_Records_
====
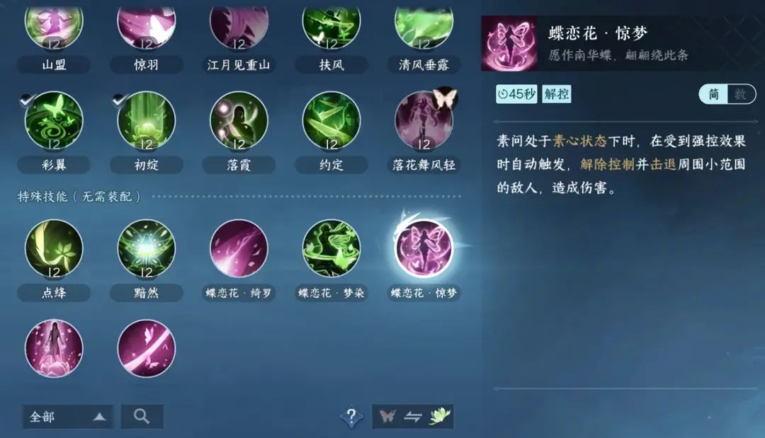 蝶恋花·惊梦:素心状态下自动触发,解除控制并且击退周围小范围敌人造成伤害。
====
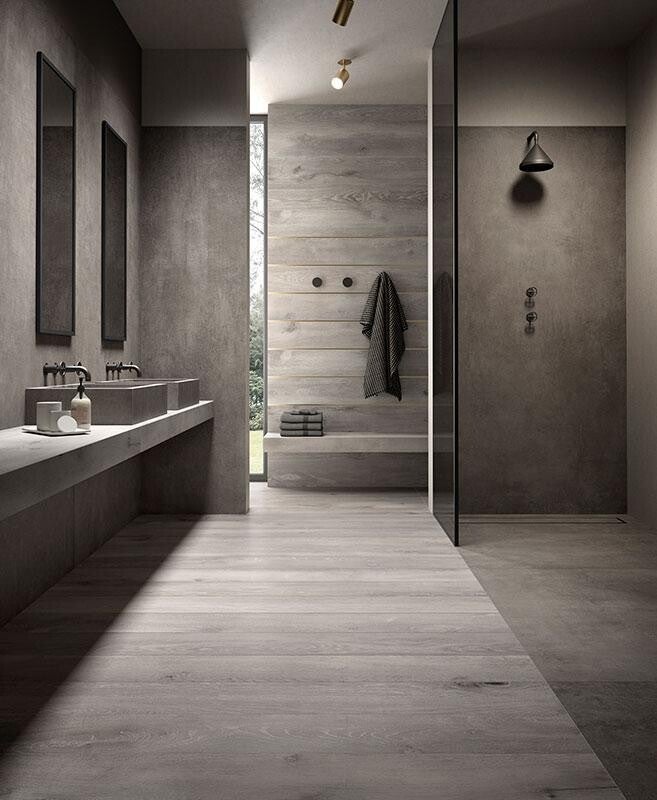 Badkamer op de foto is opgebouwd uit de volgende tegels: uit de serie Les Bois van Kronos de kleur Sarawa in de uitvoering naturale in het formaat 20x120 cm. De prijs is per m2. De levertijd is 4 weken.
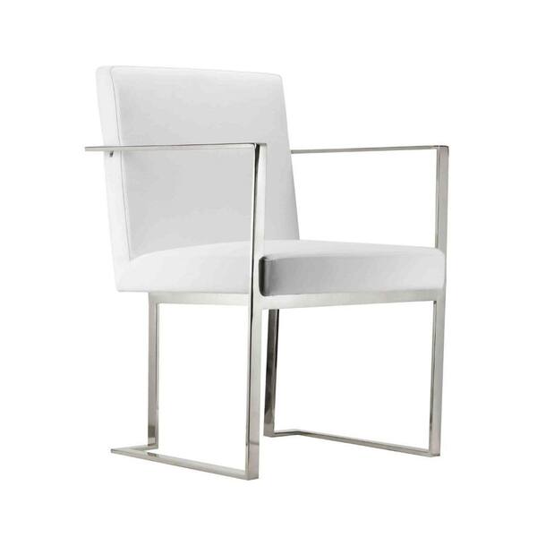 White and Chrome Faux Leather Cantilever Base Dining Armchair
====
_Work instruction_
Using the records above, repeat exactly the run of lines that starts with the line with "Badkamer op de" and goes on through the line with "White and Chrome"; omit each picture.

_Output of the exercise_
 Badkamer op de foto is opgebouwd uit de volgende tegels: uit de serie Les Bois van Kronos de kleur Sarawa in de uitvoering naturale in het formaat 20x120 cm. De prijs is per m2. De levertijd is 4 weken.
 White and Chrome Faux Leather Cantilever Base Dining Armchair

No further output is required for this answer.